§ **Work to complete**
Write out the entire listing below exactly, with the pictures left out.

§ **Source data**
________

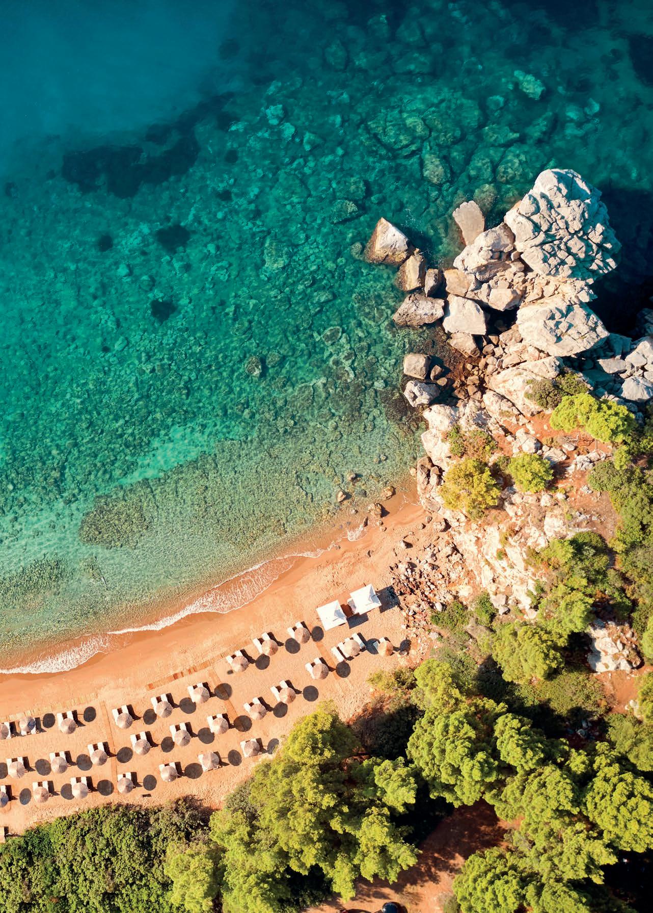 Set amid pine-clad hills overlooking the Aegean, Zeus Eleva Ajul feels as though it was designed with life’s most meaningful moments in mind. Weddings, rather apt considering Absolutely’s special this month, take centre stage here. Whether it’s an intimate barefoot ceremony by the water or a larger celebration framed by golden Mediterranean light, the resort o ers a setting that feels both e ortlessly elegant and deeply personal. There’s a sense that everything unfolds naturally – the sea shimmering in the distance, the scent of herbs in the air, and a calm, unhurried rhythm that invites you to savour each moment.
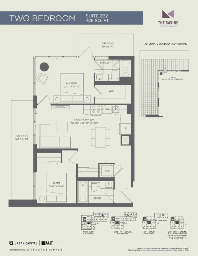 Welcome to The Ravine Condos situated steps away from the picturesque trails, diverse wildlife, and serene surroundings of Brookbanks Park and Deerlick Creek Ravine. This 2 bedroom unit offers 2 bath and 2 Balconies...One from the master bedroom and the other from the living room with breath taking view of the city. Minutes to DVP, 404, 401, Downtown Toronto & all your shopping. Please note pictures are Builders Renderings, This is an assignment sale.Upgraded kitchen cupboards, full size appliances, upgraded backsplash, wide plank laminate flooring, floor to ceiling windows,
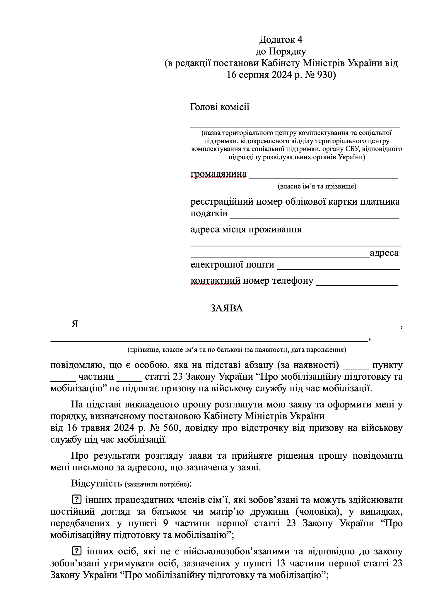Кабінетом Міністрів України було прийнято постанову №1364, якою вносяться зміни до порядку оформлення відстрочки від мобілізації в період дії воєнного стану. Основні зміни полягають в тому, що відтепер оформити відстрчоку можливо лише шляхом подачі заявки через застосунок Резерв+ або до ЦНАПу.

________

§ **Your solution**
 Set amid pine-clad hills overlooking the Aegean, Zeus Eleva Ajul feels as though it was designed with life’s most meaningful moments in mind. Weddings, rather apt considering Absolutely’s special this month, take centre stage here. Whether it’s an intimate barefoot ceremony by the water or a larger celebration framed by golden Mediterranean light, the resort o ers a setting that feels both e ortlessly elegant and deeply personal. There’s a sense that everything unfolds naturally – the sea shimmering in the distance, the scent of herbs in the air, and a calm, unhurried rhythm that invites you to savour each moment.
 Welcome to The Ravine Condos situated steps away from the picturesque trails, diverse wildlife, and serene surroundings of Brookbanks Park and Deerlick Creek Ravine. This 2 bedroom unit offers 2 bath and 2 Balconies...One from the master bedroom and the other from the living room with breath taking view of the city. Minutes to DVP, 404, 401, Downtown Toronto & all your shopping. Please note pictures are Builders Renderings, This is an assignment sale.Upgraded kitchen cupboards, full size appliances, upgraded backsplash, wide plank laminate flooring, floor to ceiling windows,
Кабінетом Міністрів України було прийнято постанову №1364, якою вносяться зміни до порядку оформлення відстрочки від мобілізації в період дії воєнного стану. Основні зміни полягають в тому, що відтепер оформити відстрчоку можливо лише шляхом подачі заявки через застосунок Резерв+ або до ЦНАПу.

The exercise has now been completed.